The 22-year-old Isaac, who recently got engaged to his long-time girlfriend, is hopeful that his steady progress might allow him to rejoin his teammates once NBA teams begin full practice sessions. NBA Commissioner Adam Silver has informed teams that he hopes to announce plans for resuming the regular season and playoffs by June 1. At the time of the stoppage of play, the Magic were 30-35 and had won three games in a row, six of nine and eight of 12 after the all-star break.
Getting Isaac back remains a question and will depend how he responds to continued rehabilitation. The Magic is just a half-game back of the Brooklyn Nets for the seventh seed in the Eastern Conference standings. In addition to Isaac averaging career highs in scoring (12.0), rebounding (6.9) and assists (1.4) this season, he ranked fourth in the NBA in blocked shots (2.4) and 12thin steals (1.6) when he went down with the sprained left knee.
Isaac said if Magic management and the medical staff clear him for a return, he’ll welcome the opportunity to return to action.
"Absolutely, that’s how I’m taking it,’’ he said. "With the league talking about coming back, we don’t know (what will happen) and they might be talking about (playing in) Orlando, I’m not sure what will happen, but I’m going to take it one day at a time. If it crosses up that I’m good to go, then I’m good to go. If not, then it’ll be too bad, and I’ll be back next season.’’
Isaac said the Magic’s players and coaching staff conducted a full question-and-answer session on Zoom earlier in the week, and he’s gotten to talk to many of his teammates in recent days before and after work outs at the Amway Center. Isaac said he is of the belief that players will be comfortable returning to practices and game action – even while playing without fans – in the face of a COVID-19 pandemic.
"I think the league is going to make sure of (the safety of players)," he said. "We won’t come back if that’s not the case."
In the meantime of basketball returning, Isaac plans to continue to pour himself into his rehab process and helping out others in the community however he can. For months, he made it a weekly ritual to go to grocery shopping in order to help restock the food pantries at J.U.M.P. Ministries and Project Life, Inc. He said it’s highly important to him to know that he’s done everything that he could to help out those who are less fortunate than him – especially during this time of tremendous crisis.
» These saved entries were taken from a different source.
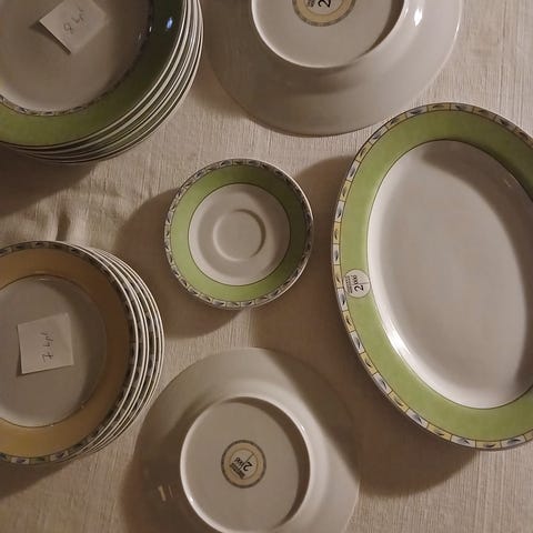 Astiasto neljälle hengelle + sokerikko ja kermakko.
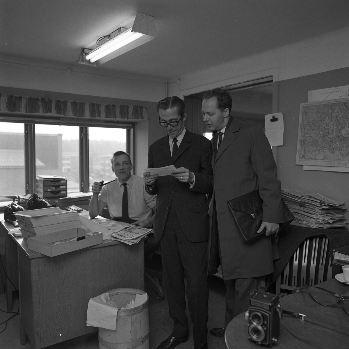 Arboga Tidning, personal och interiör. Tre personer vistas i rummet. Två personer står och tittar på ett papper som den ene mannen håller i. Mannen med papperet är klädd i kostym och slips. Den andre mannen, Willy Johansson, är klädd i överrock och har en portfölj under armen. Mannen vid skrivbordet röker pipa.
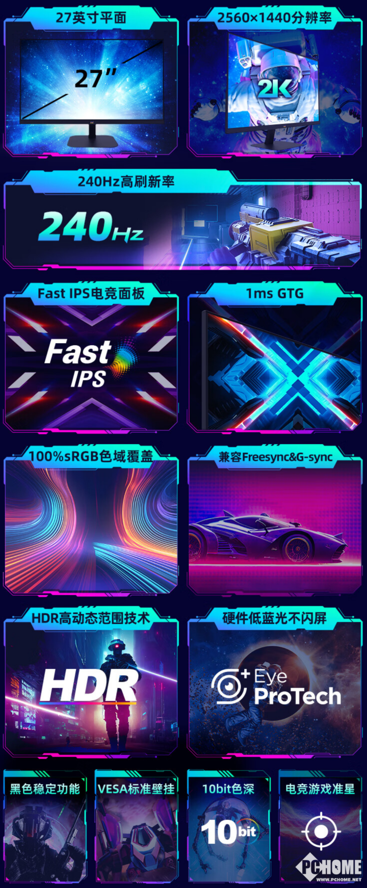 该款显示器采用一块27英寸的Fast IPS面板,色深为10bit(8bit+FRC),可视角度为178度(水平和垂直),显示比例为16:9,分辨率为QHD/2K(2560 x 1440),刷新率为240Hz,响应时间(GtG)为1ms,典型亮度为350尼特,典型对比度为1000:1,sRGB色域为100%,DCI-P3色域为93%,支持HDR10,兼容AMD FreeSync和NVIDIA G-Sync,消除画面撕裂卡顿,让游戏流畅且稳定。由于采用DC调光加上滤蓝光功能,降低屏幕闪烁并带来了更舒适的显示。
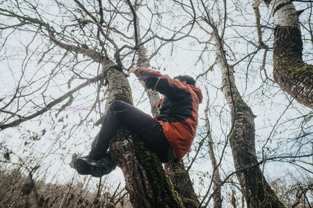 Person Exploring the Outdoors by Climbing a Tree in a Forested Area
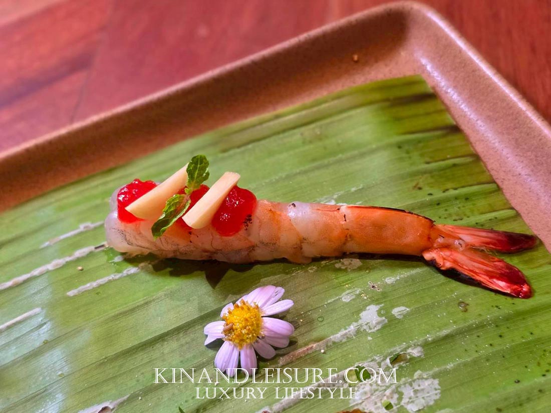 - 🦐 ปิดท้ายด้วยความสง่างามของโปรตีนชั้นเลิศ กุ้งทะเลขนาดใหญ่ (Prawn) ที่ถูกลวก/แช่เย็นจนเนื้อแน่นเด้ง (Pristine Texture) รสชาติของ “ก้อย” ถูกปรับให้มีความประณีตและสะอาดกว่าก้อยแบบดั้งเดิม เน้นความหวานตามธรรมชาติของกุ้งและรสเปรี้ยวนำที่สะอาด (Clean Acidity) เครื่องเคียงสีแดง-เหลือง ที่ท็อปด้านบน (อาจจะเป็นมะเขือเทศดอง, พริกชี้ฟ้า, หรือกระเทียมดองน้ำผึ้งตามที่ระบุ) คือการสร้าง “จุดโฟกัสรสชาติ” ที่ทำหน้าที่เป็นตัวตัดรส (Palate Cleanser) เพื่อเตรียมปากสำหรับคำต่อไป ความหวานอมเปรี้ยวและกลิ่นหอมฉุนอ่อนๆ คือการปิดฉากที่สง่างามและทันสมัย
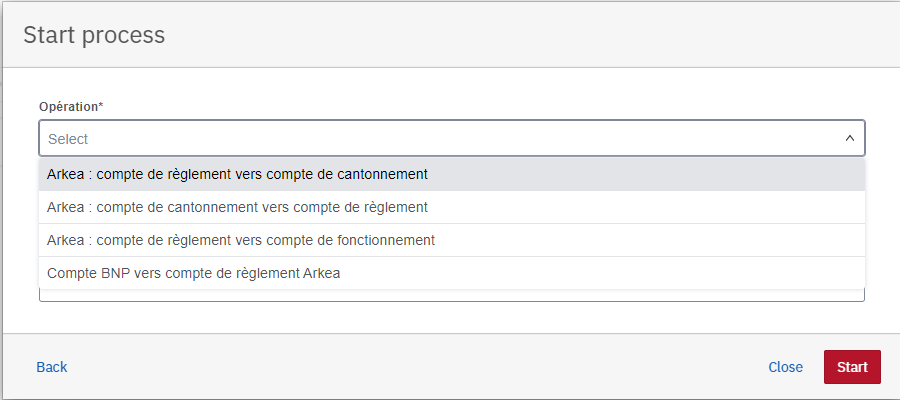 Cette vacation permet de créer et d'envoyer un fichier d'ordre de virement pour mouvementer les 4 comptes Monext (BNP et les 3 comptes Arkea règlement, cantonnement et fonctionnement)
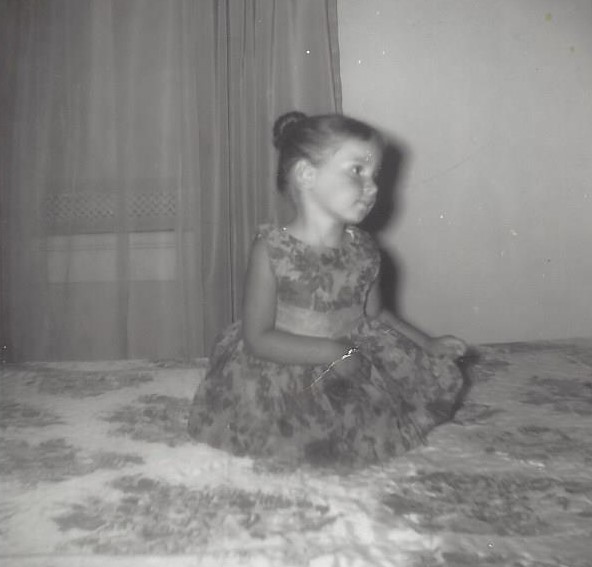 Se regarder dans le miroir. Les semaines avancent. La boîte de photos traîne au milieu du salon. La remettre au fond de la garde-robe. Oublier le corps que j’ai été. Je me penche pour remettre le couvercle, une photo, noir et blanc, je suis assise au centre d’un lit. Est-ce le lit de la chambre à coucher de mes parents ? je ne la reconnais pas. Mes jambes sont invisibles, repliées sous le tulle de la robe, mes petites mains potelées, une légèrement refermée, retenir quelque chose de l’invisible, la peur, l’insécurité. Qui prend la photo ? Est-ce là que tout commence ? Petite fille, femme. Je te place. Tu restes là. Ne bouge pas. Sois belle. Être objet à regarder. J’ai des pommettes (où sont-elles aujourd’hui ?). Les cheveux remontés en un chignon, la tête un peu penchée, les yeux au loin, est-ce la tristesse ? Suis-je perdue dans la rêverie, à me raconter des histoires ? Où vas-tu, petite fille, avec une si jolie robe à fleurs ?
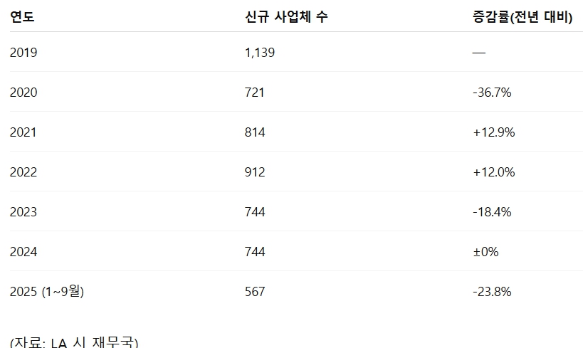 LA 시 재무국(Office of Finance)에 따르면, 2025년 7~9월 사이 시 전역에서 새로 문을 연 사업체는 5,846곳으로 집계됐다.
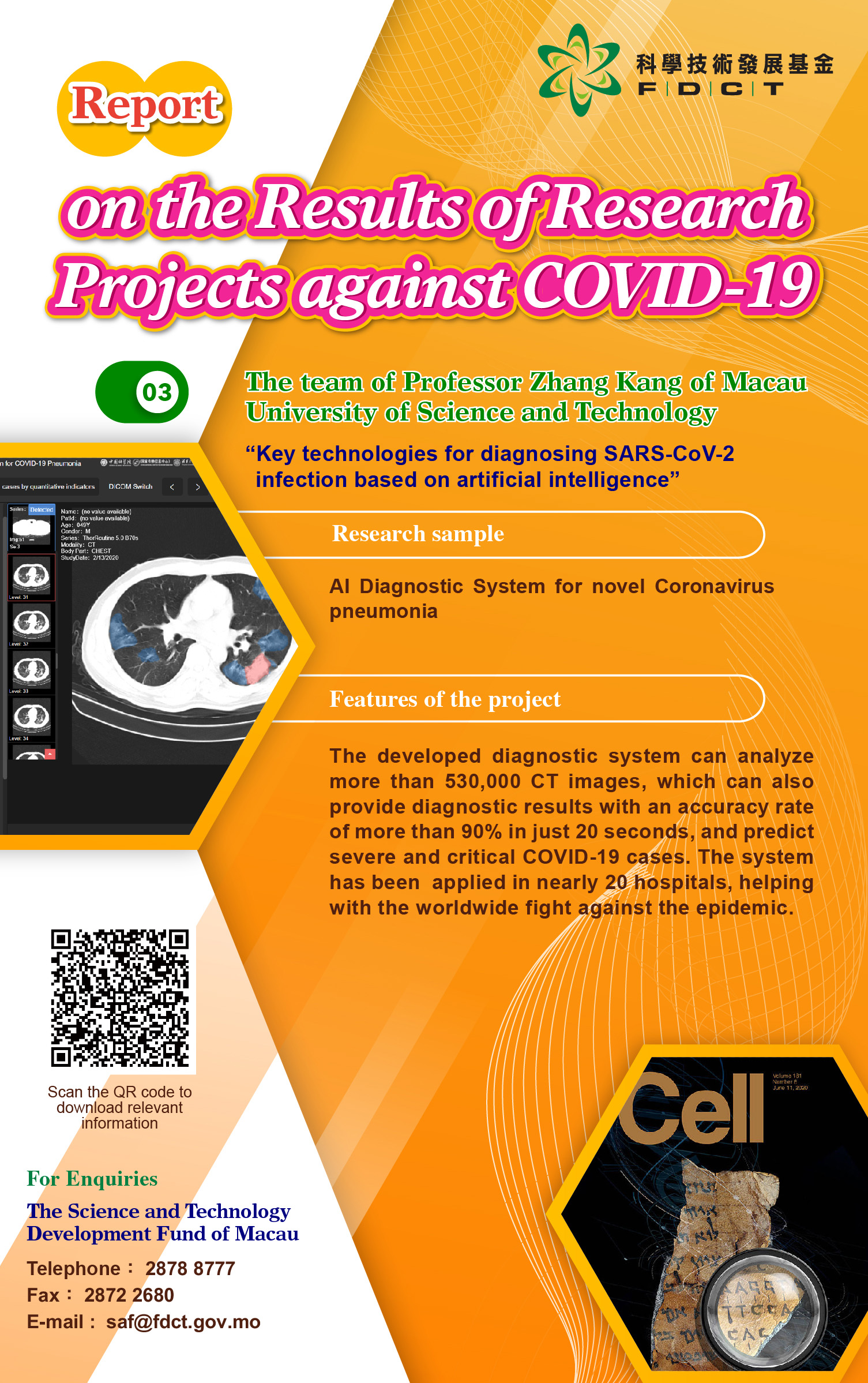III. The “Key techniques for diagnosing new coronavirus SARS-CoV-2 infection based on artificial intelligence” was developed by the team of Professor Zhang Kang of Macau University of Science and Technology (MUST), which uses machine deep learning to analyze more than 530,000 CT images for the first time to develop the diagnostic system. The techniques can also provide diagnostic results with an accuracy rate of more than 90% in just 20 seconds, and predict severe and critical COVID-19 cases. The results were not only published in the world’s top magazine Cell, but also applied in nearly 20 hospitals in Macau, Guangzhou, Wuhan and other cities. In addition, they were deployed to Europe, the US, South Korea, Brazil, Ecuador and other countries and regions through the cloud platform to help with the worldwide fight against the epidemic.
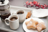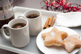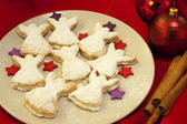 High angle view of cookies or biscuits in the shape of traditional Christmas trees arranged on a baking tray for cooking during Xmas baking
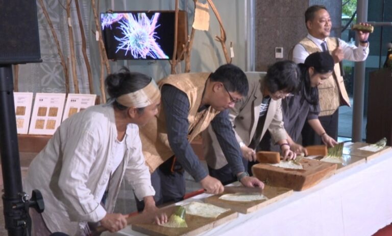 拿起木製槌子、輕輕敲打樹皮,在看樹皮慢慢延伸散開,由國立台灣史前文化博物館舉辦的《打樹成衣-南島記憶與文化連結》特展,在22日在文化部藝廊正式展開。
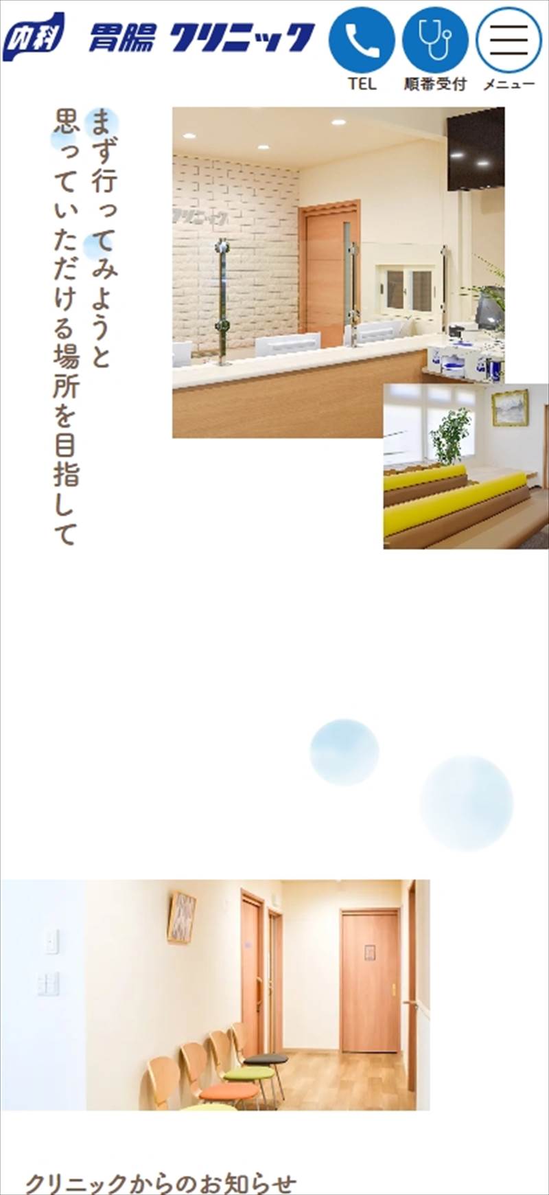 胃腸クリニック 様 明るく柔らかいイメージが伝わるよう白をベースに採用し、ポイントにオレンジ色を使用。 暖色を使用することで温かみのあるデザインに。 コンテンツの間には余白を大きく設け、一画面に見える情報量を最低限に配置。シンプルな構成を維持しつつ、水彩風の装飾等で柔らかさを表現。 URLhttps://ichoclinic.com/ 地域・業界・業種 奥州市 / 医療 デバイス・仕様PC、スマートフォン、WordPress 担当業務等Webサイト設計/情報設計/デザイン/CMS構築/更新操作指導
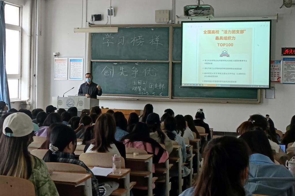 2023年5月6日,2021级财务管理专业、2021级国际经济与贸易专业120名同学在逸夫教学楼111教室召开团日活动,向我院2020级财务管理专业0102班团支部学习。团日活动主题是“学习模范,创先争优”。
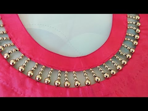 Very Creative Beaded Design Latest Boat Neck Design For Kurti
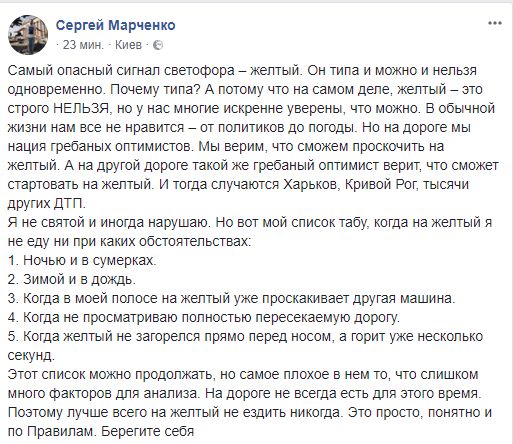 Блогер Сергей Марченко написал пост на эту тему: "Самый опасный сигнал светофора – желтый. Он типа и можно и нельзя одновременно. Почему типа? А потому что на самом деле, желтый – это строго НЕЛЬЗЯ, но у нас многие искренне уверены, что можно. В обычной жизни нам все не нравится – от политиков до погоды. Но на дороге мы нация гребаных оптимистов. Мы верим, что сможем проскочить на желтый. А на другой дороге такой же гребаный оптимист верит, что сможет стартовать на желтый. И тогда случаются Харьков, Кривой Рог, тысячи других ДТП.

"Because of what our basketball team means to this community, there are a million kids out here who look up to us and respect us," said Isaac, who clearly takes his position as a role model seriously. "For them to see us do something like this, it makes them want to believe and dream and think, 'When I get to that position, I want to do something as well.' So much goes into this and I’m just kind of the face. J.U.M.P. Ministries and Project Life have been doing this for weeks now, so huge shout-outs to them, and to Papa John’s, Pepsi and the Magic for all that they have done.
"I just want to do something to help out to make sure that everybody gets through this together," he added. "There are people who can go out and buy three weeks of groceries, and that’s fine, but we all need to help those who can’t do that."